Sunspots are a smaller factor in the fit than El Nino, but also make some difference. I modeled them by just pasting a cycle from the early 20th century into the 21st, starting from about where we are in the cycle right now. Sunspots do seem to be picking up again after a lull, so given the positive contribution in the fitting process this will have a small effect again to boost global temperatures.
The resulting prediction for the first model (using the fitting parameters of Figure 2) is:
Figure 4: Fit of figure 2 extrapolated through 2013 with El Nino zero beyond mid-2011. Monthly GISS temperatures rise to between 0.7 and 0.8, with annual averages of 0.576 for 2011, 0.687 in 2012 and 0.718 in 2013.
and for the second is:
Figure 5: Fit of figure 2 extrapolated through 2013 with El Nino set to a 5-year pure sinusoid beyond mid-2011. Monthly GISS temperatures rise to about 0.9 before falling back, with annual averages of 0.578 for 2011, 0.785 in 2012 and 0.840 in 2013.
Back in January 2010, commenter "fredstaples" here claimed we were in a cooling trend and predicted the average for 2010 GISS temperatures would be 0.54, while I was predicting 0.65. The actual value of 0.63 was between our two guesses, but 80% of the way to mine, so I think I won that one.

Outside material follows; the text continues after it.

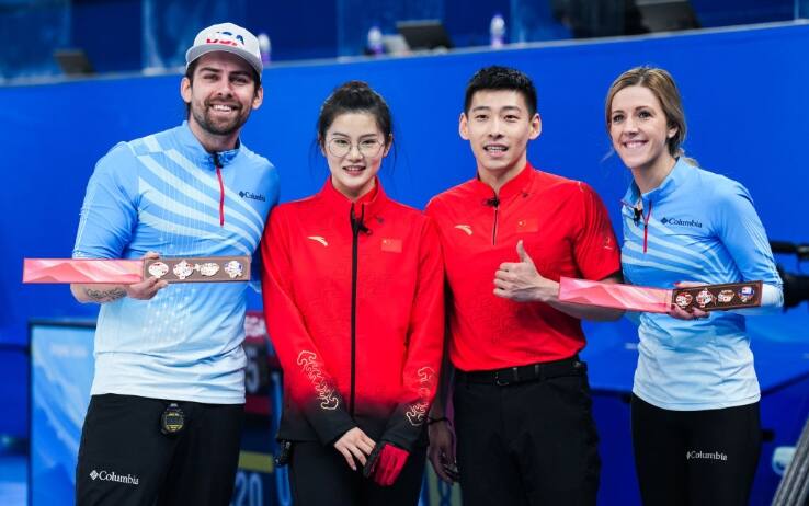 Un gesto di amicizia, nella migliore tradizione del curling, quello della squadra cinese del doppio misto verso gli Stati Uniti. Un omaggio che può assumere anche un significato distensivo. Ling Zhi e Fan Suyuan hanno donato due spille commemorative agli avversari Christopher Plys e Vicky Persinger al termine della sfida vinta dagli americani per 7-5. L'omaggio è stato molto gradito dagli statunitensi: "Sono bellissime, super uniche", ha commentato Christolpher Plys, "queste resteranno sulla mia scrivania per molto, molto tempo". "C'è qualcosa di speciale con la coppia cinese", ha aggiunto, "non riusciamo a comunicare più di tanto ma ci scambiamo sempre sorrisi e un saluto con il pugno. Non lasciamo che le politiche dei nostri Paesi si mettano tra noi, alla fine abbiamo tutti lo stesso sangue e pratichiamo lo stesso sport, è divertente sperimentare altre culture". Ling Zhy, ha sottolineato che "nel curling è tradizione per gli atleti di essere amichevoli tra loro" e ha riferito di aver invitato Plys a visitare la sua città natale di Harbin, nel nord-est della Cina.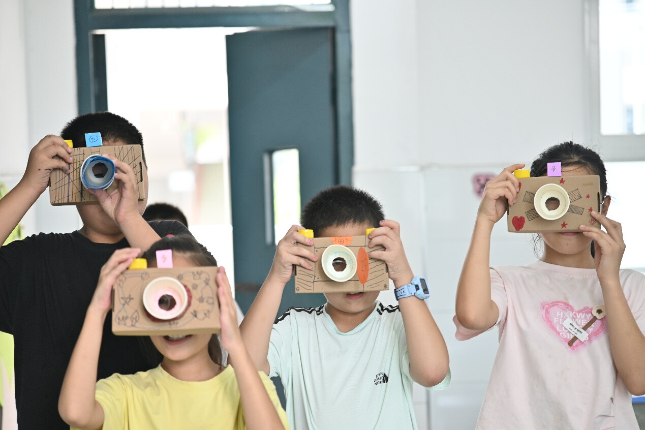 圖為小朋友們和他們卡紙相機(jī)的合影

Based on the above analysis, I'm fairly confident now that the GISS temperature anomaly average for 2011 will be 0.58, plus or minus about 0.05 degrees, and that either 2012 or 2013, and very likely both, will set a new record for global warmth. Is there anybody out there willing to put their name on a significantly lower estimate for this and future years? The relentless warmth is getting pretty conclusive - even star Republican witnesses in recent hearings on climate can't avoid pointing out that it's warming, and pretty fast.
Now, when are we going to get serious about stopping it?